**Brief**
Having found the line containing "Đồng chí Phó" in the records below, copy that line and each later one exactly, dropping pictures.

Stored entries:

----------------

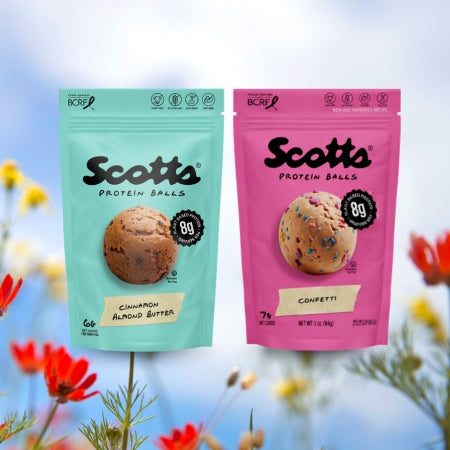 Scott's Protein Balls are plant-based, gluten-free, dairy-free, soy free, non-gmo and made with all-natural or organic ingredients like oats, oat flour, flaxseed, chia seeds, and protein powder. We use nut butters in 3 of our protein balls as well as having 3 nut free options
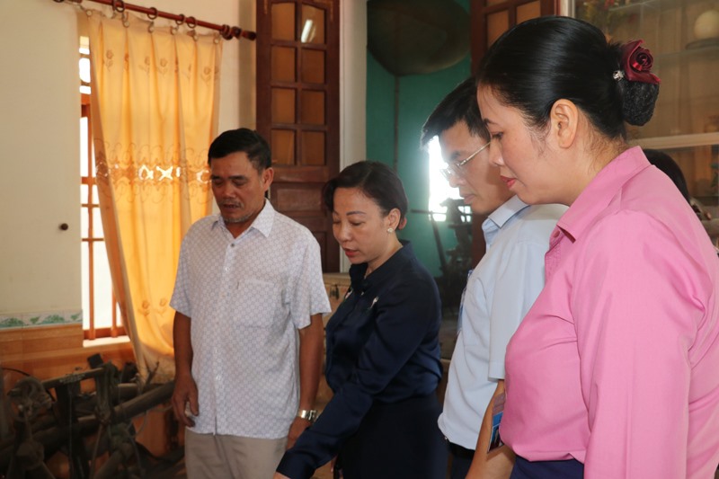 Đồng chí Phó Chủ tịch UBND tỉnh thăm quan mô hình kho lưu giữ nông cụ, đồ gia dụng truyền thống Việt Nam của gia đình ông Đặng Quốc Biên, phường Yên Thanh.
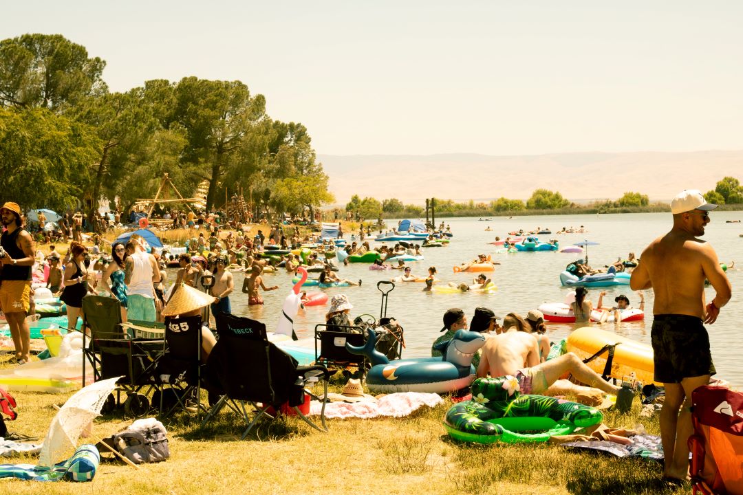 Many attendees opted to take a swim in the Buena Vista Lake in the middle of the day to escape the heat, some even bringing floating devices with beverages before the sun went down.
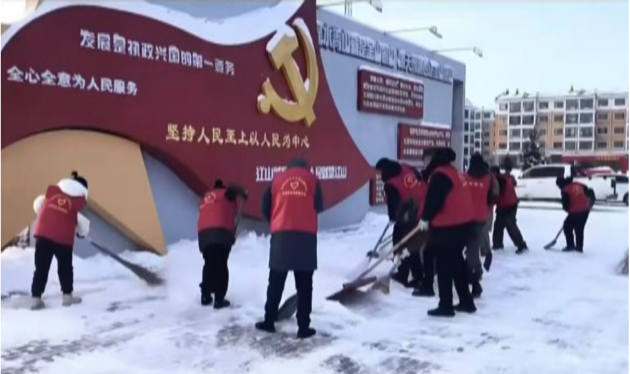 1月22日,因当日暴雪,社区主干道和单元楼出入口出现积雪结冰现象,严重影响居民出行。jx2026010组成员敖嘉军与其他志愿者分工协作,手持铁锹和雪推板,先对老人出行高频路段进行清理,再逐片铲除主干道的积雪,同时撒布融雪盐以防止路面结冰。在这一过程中,敖嘉军主动帮扶行动不便的老人安全通行,并协助商铺清理门前积雪。
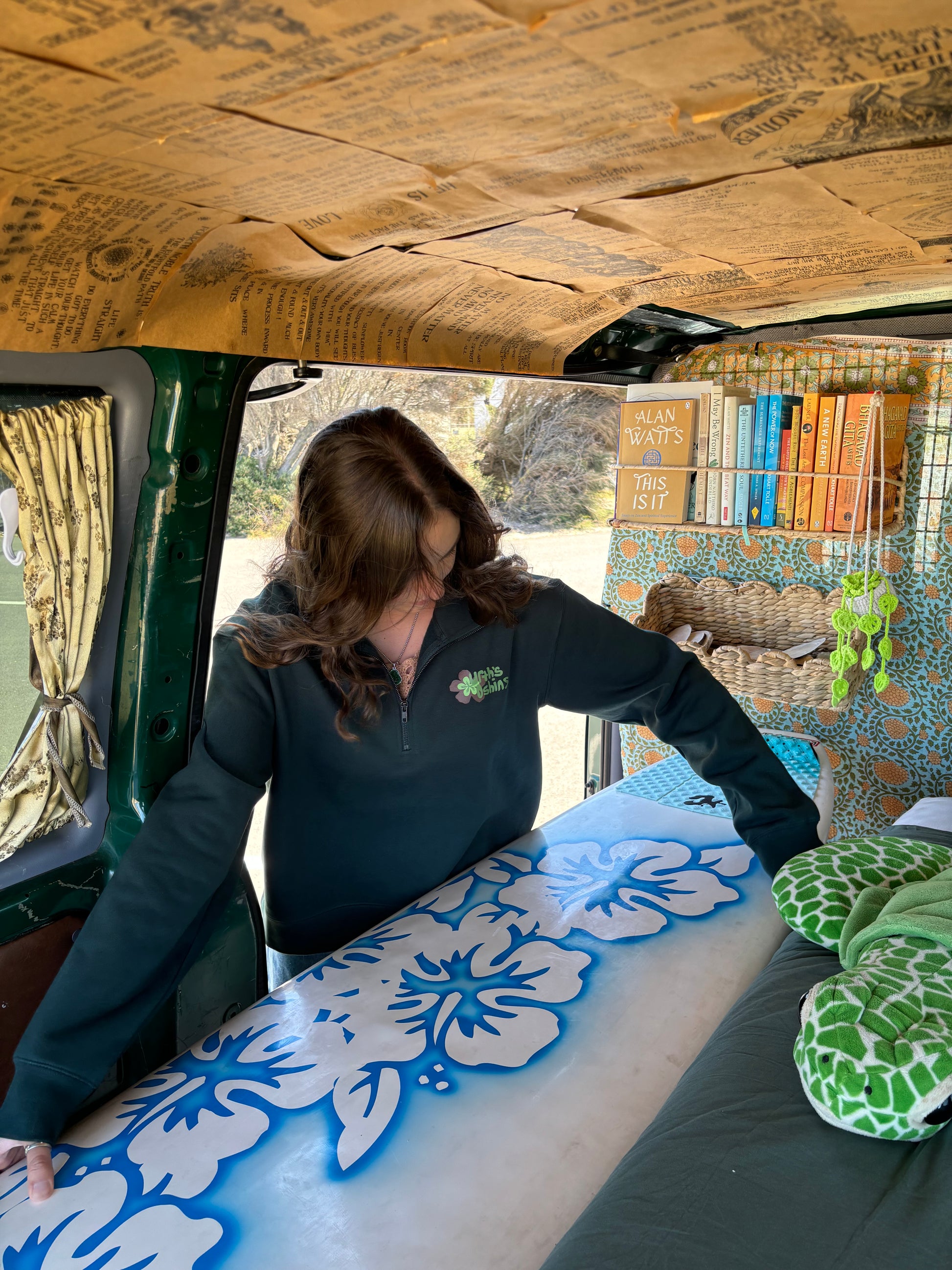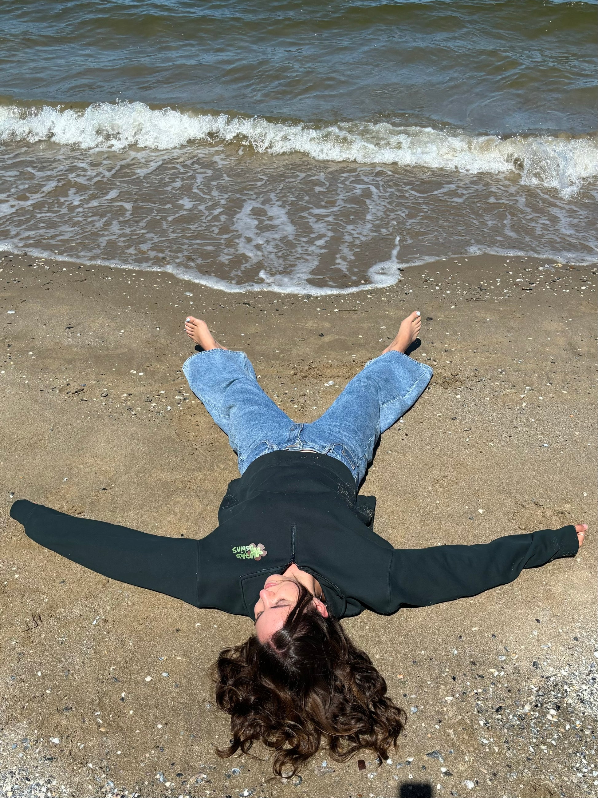 Heavyweight, relaxed fit quarter zip in forest green, featuring the Urth’s Oshins ‘Flowa’ graphic on the left chest. Slightly cropped length, with extra long sleeves.
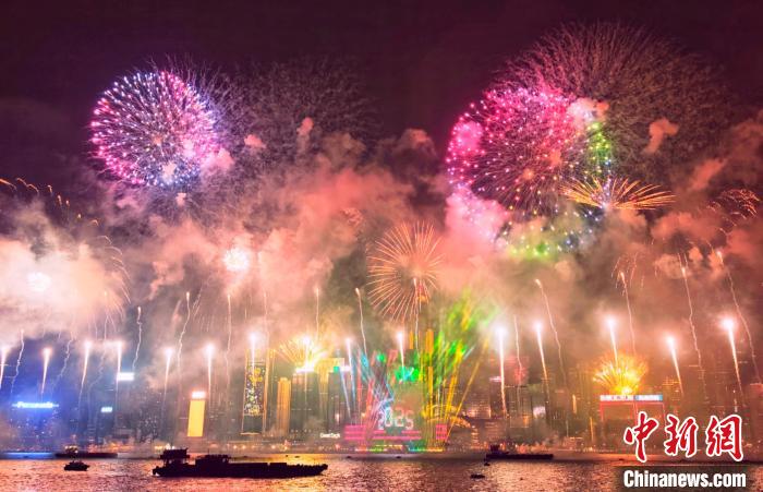 “5、4、3、2、1,新年快樂?!卑殡S著尖沙咀鐘樓敲響新年鐘聲,從5艘躉船、16艘浮船上燃放的煙花在空中綻放,點亮自北角至中環(huán)約1300米的夜空,煙花、音樂、燈光表演與維港夜景相映成趣,成為夜空中絢爛圖畫。
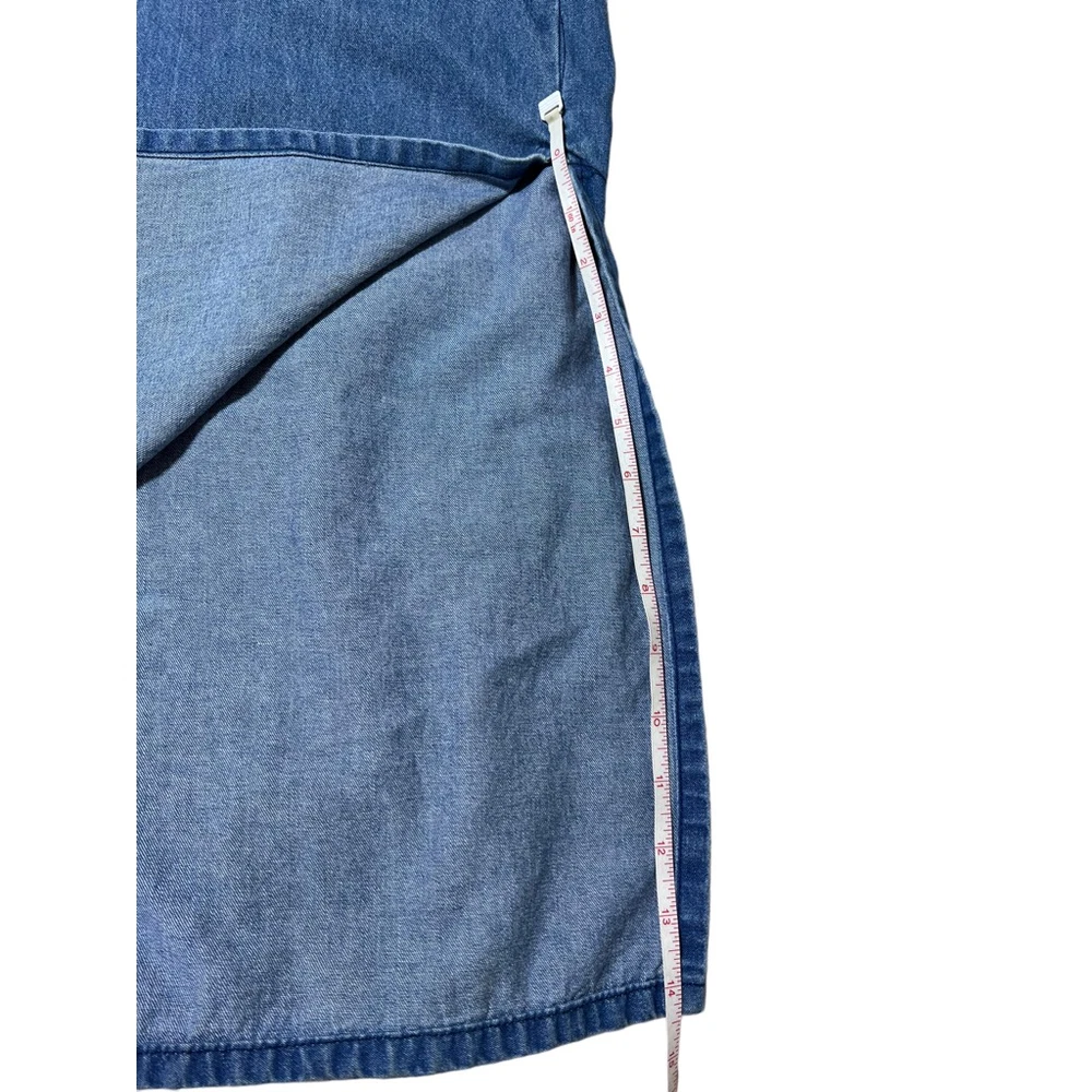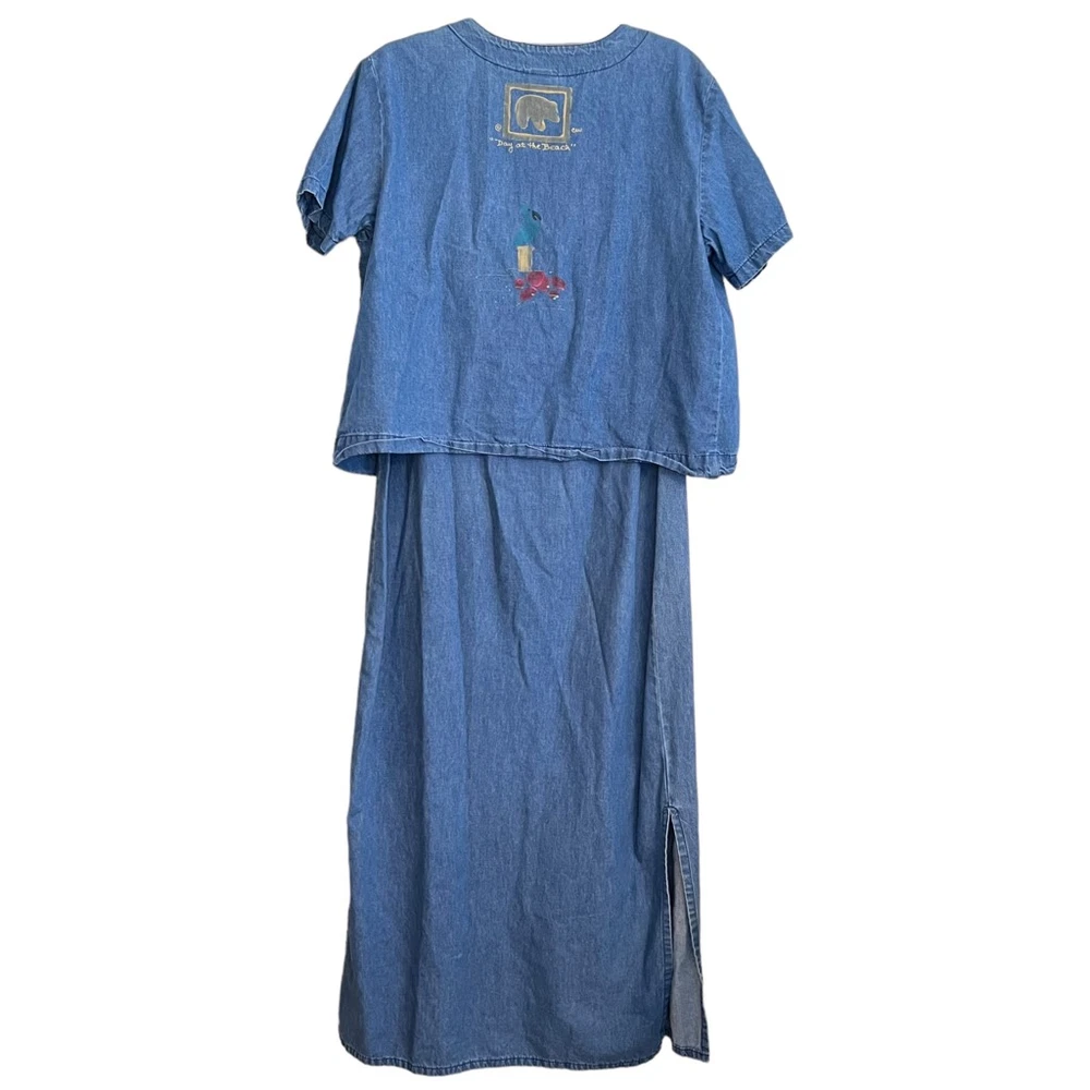 Blue Eyed Bear Denim Dress Set with Short Sleeve Top Womens Medium Chambray 90s Art to Wear Hand Painted Blocked in Naples Florida. Sheath style square neck dress with short sleeve button front top. In good pre-owned condition! No stains, tears or other signs of wear noted. Please see photos for more details and approximate measurements. Sold as pictured. Thanks for looking!
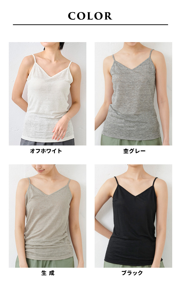 関連キーワード キャミソール リネン 日本製 40代 50代 60代 女性 ファッション インナー トップス リネン天竺 麻100 無地 涼しい さらさら 吸湿 速乾 天然素材

----------------

**Output for this task**
 Đồng chí Phó Chủ tịch UBND tỉnh thăm quan mô hình kho lưu giữ nông cụ, đồ gia dụng truyền thống Việt Nam của gia đình ông Đặng Quốc Biên, phường Yên Thanh.
 Many attendees opted to take a swim in the Buena Vista Lake in the middle of the day to escape the heat, some even bringing floating devices with beverages before the sun went down.
 1月22日,因当日暴雪,社区主干道和单元楼出入口出现积雪结冰现象,严重影响居民出行。jx2026010组成员敖嘉军与其他志愿者分工协作,手持铁锹和雪推板,先对老人出行高频路段进行清理,再逐片铲除主干道的积雪,同时撒布融雪盐以防止路面结冰。在这一过程中,敖嘉军主动帮扶行动不便的老人安全通行,并协助商铺清理门前积雪。
 Heavyweight, relaxed fit quarter zip in forest green, featuring the Urth’s Oshins ‘Flowa’ graphic on the left chest. Slightly cropped length, with extra long sleeves.
 “5、4、3、2、1,新年快樂?!卑殡S著尖沙咀鐘樓敲響新年鐘聲,從5艘躉船、16艘浮船上燃放的煙花在空中綻放,點亮自北角至中環(huán)約1300米的夜空,煙花、音樂、燈光表演與維港夜景相映成趣,成為夜空中絢爛圖畫。
 Blue Eyed Bear Denim Dress Set with Short Sleeve Top Womens Medium Chambray 90s Art to Wear Hand Painted Blocked in Naples Florida. Sheath style square neck dress with short sleeve button front top. In good pre-owned condition! No stains, tears or other signs of wear noted. Please see photos for more details and approximate measurements. Sold as pictured. Thanks for looking!
 関連キーワード キャミソール リネン 日本製 40代 50代 60代 女性 ファッション インナー トップス リネン天竺 麻100 無地 涼しい さらさら 吸湿 速乾 天然素材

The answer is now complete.